Just before the Fourth of July holiday, Elon Musk moved to dismiss a lawsuit alleging that he intentionally misled Twitter investors in 2022 by failing to disclose his growing stake in Twitter while tweeting about potentially starting his own social network in the weeks ahead of announcing his plan to buy Twitter.
Allegedly, Musk devised this fraudulent scheme to reduce the Twitter purchase price by $200 million, a proposed class action filed by an Oklahoma Firefighters pension fund on behalf of all Twitter investors allegedly harmed claimed. But in another court filing this week, Musk insisted that “all indications”—including those referenced in the firefighters’ complaint—”point to mistake,” not fraud.
According to Musk, evidence showed that he simply misunderstood the Securities Exchange Act when he delayed filing a Rule 13 disclosure of his nearly 10 percent ownership stake in Twitter in March 2022. Musk argued that he believed he was required to disclose this stake at the end of the year, rather than within 10 days after the month in which he amassed a 5 percent stake. He said that previously he’d only filed Rule 13 disclosures as the owner of a company—not as someone suddenly acquiring 5 percent stake.

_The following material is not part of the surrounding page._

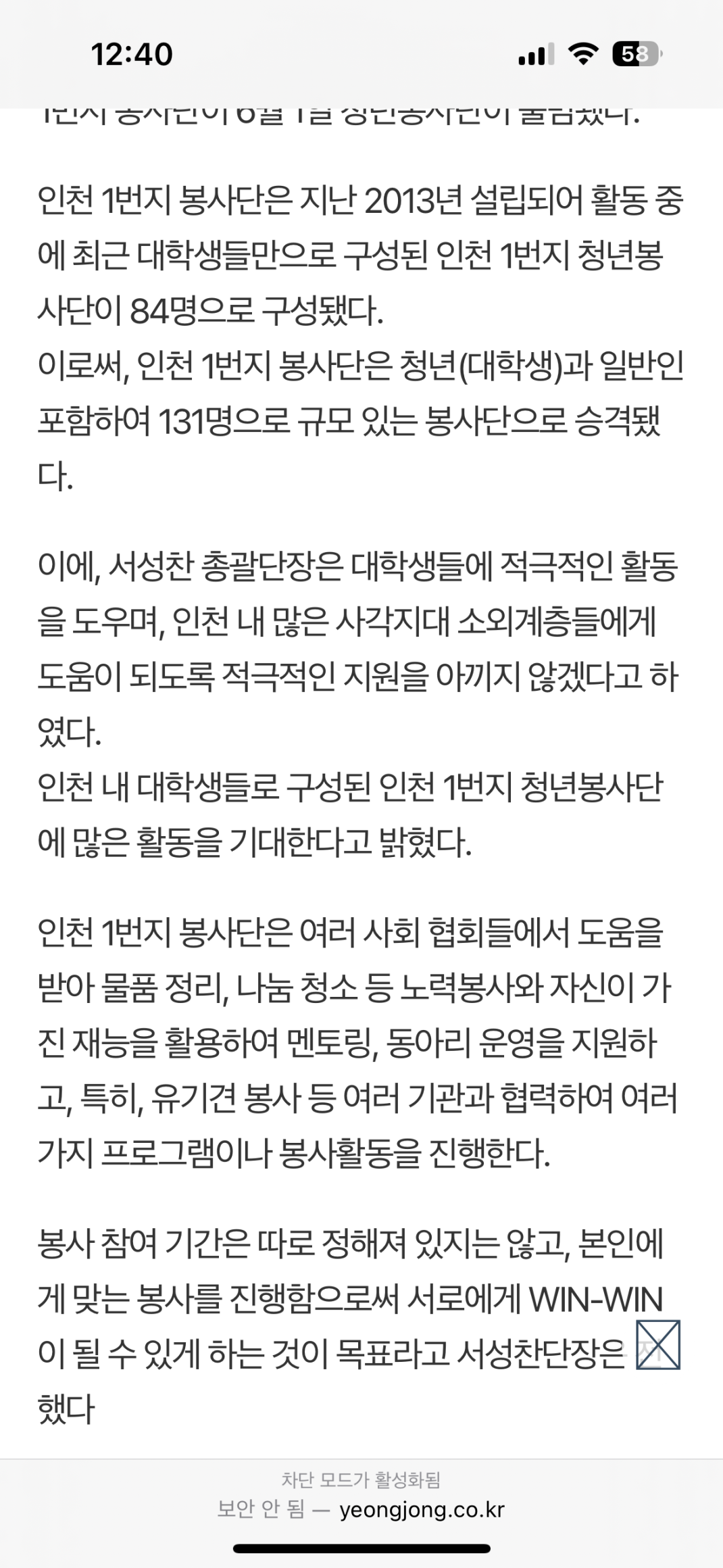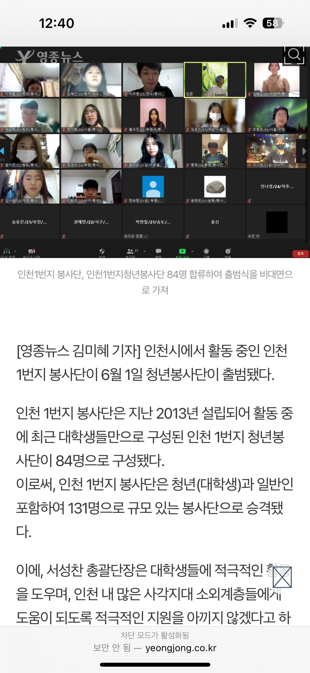 인천 1번지 청년 봉사단 언론보도

Musk claimed that as soon as his understanding of the law was corrected—on April 1, when he’d already missed the deadline by about seven days—he promptly stopped trading and filed the disclosure on the next trading day.
“Such prompt and corrective disclosure—within seven trading days of the purported deadline—is not the stuff of a fraudulent scheme to manipulate the market,” Musk’s court filing said.

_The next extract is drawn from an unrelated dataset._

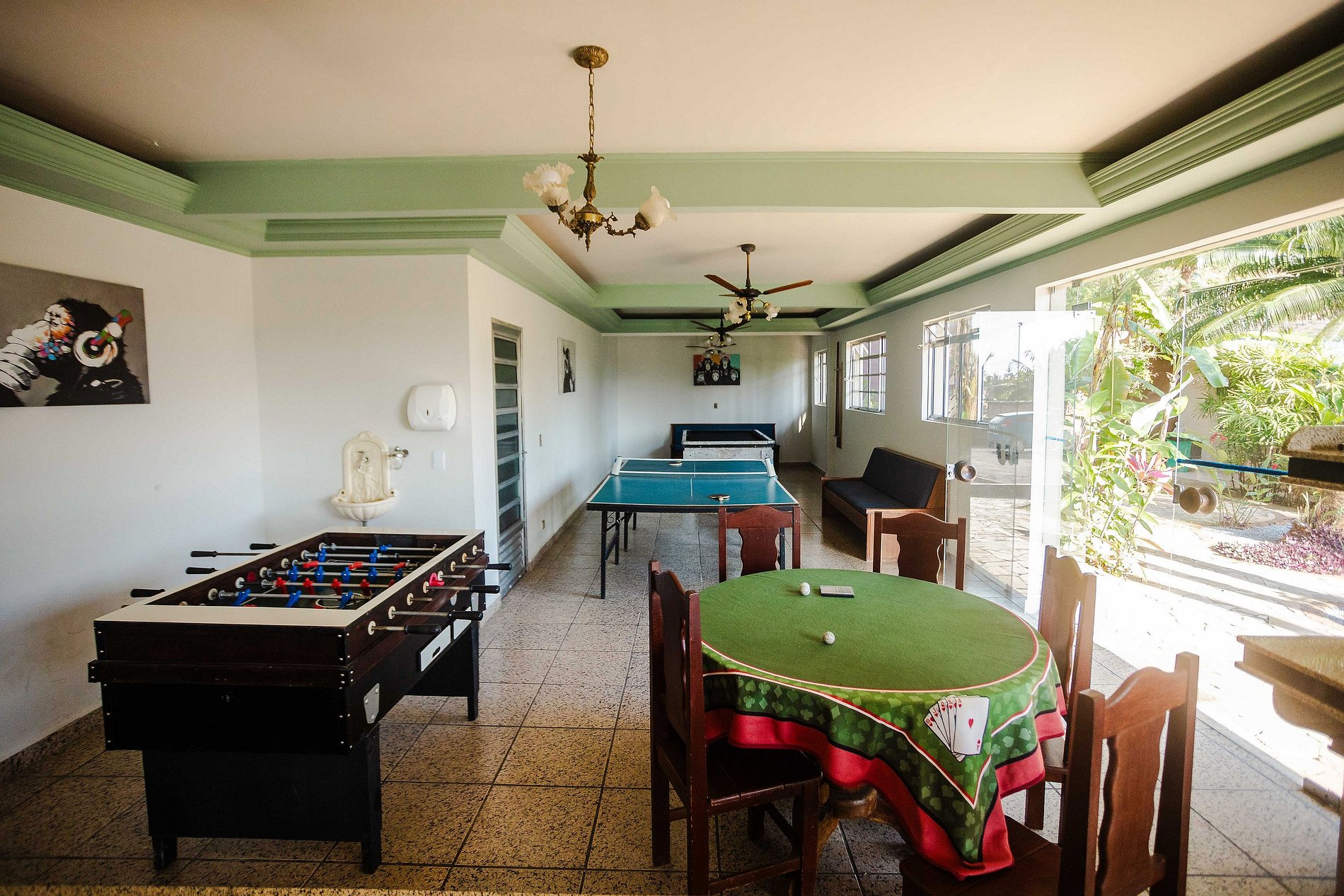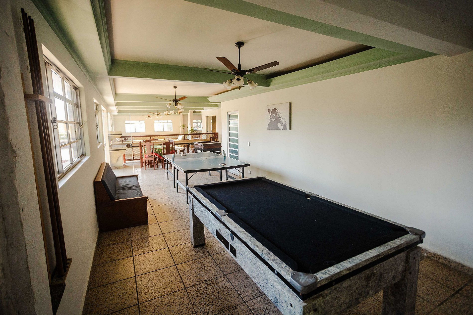 Salão de jogos com mesa de bilhar, pingue-pongue, pebolim e mesa de cartas, garantindo diversão para todas as idades;

As Musk sees it, the firefighters’ suit “makes no sense” because it basically alleged that Musk always intended to disclose the supposedly fraudulent scheme, which in the context of his extraordinary wealth, barely saved him any meaningful amount of money when purchasing Twitter.
The idea that Musk “engaged in intentional securities fraud in order to save $200 million is illogical in light of Musk’s eventual $44 billion purchase of Twitter,” Musk’s court filing said. “It defies logic that Musk would commit fraud to save less than 0.5 percent of Twitter’s total purchase price, and 0.1 percent of his net worth, all while knowing that there would be ‘an inevitable day of reckoning’ when he would disclose the truth—which was always his intent.”
It’s much more likely, Musk argued, that “Musk’s acknowledgement of his tardiness is that he was expressly acknowledging a mistake, not publicly conceding a purportedly days-old fraudulent scheme.”
Arguing that all firefighters showed was “enough to adequately plead a material omission and misstatement”—which he said would not be an actionable claim under the Securities Exchange Act—Musk has asked for the lawsuit to be dismissed with prejudice. At most, Musk is guilty of neglect, his court filing said, not deception. Allegedly Musk never “had any intention of avoiding reporting requirements,” his court filing said.
The firefighters pension fund has until August 12 to defend their claims and keep the suit alive, Musk’s court filing noted. In their complaint, they had asked the court to award damages covering losses, plus interest, for all Twitter shareholders determined to be “cheated out of the true value of their securities” by Musk’s alleged scheme.
Ars could not immediately reach lawyers for Musk or the firefighters pension fund for comment.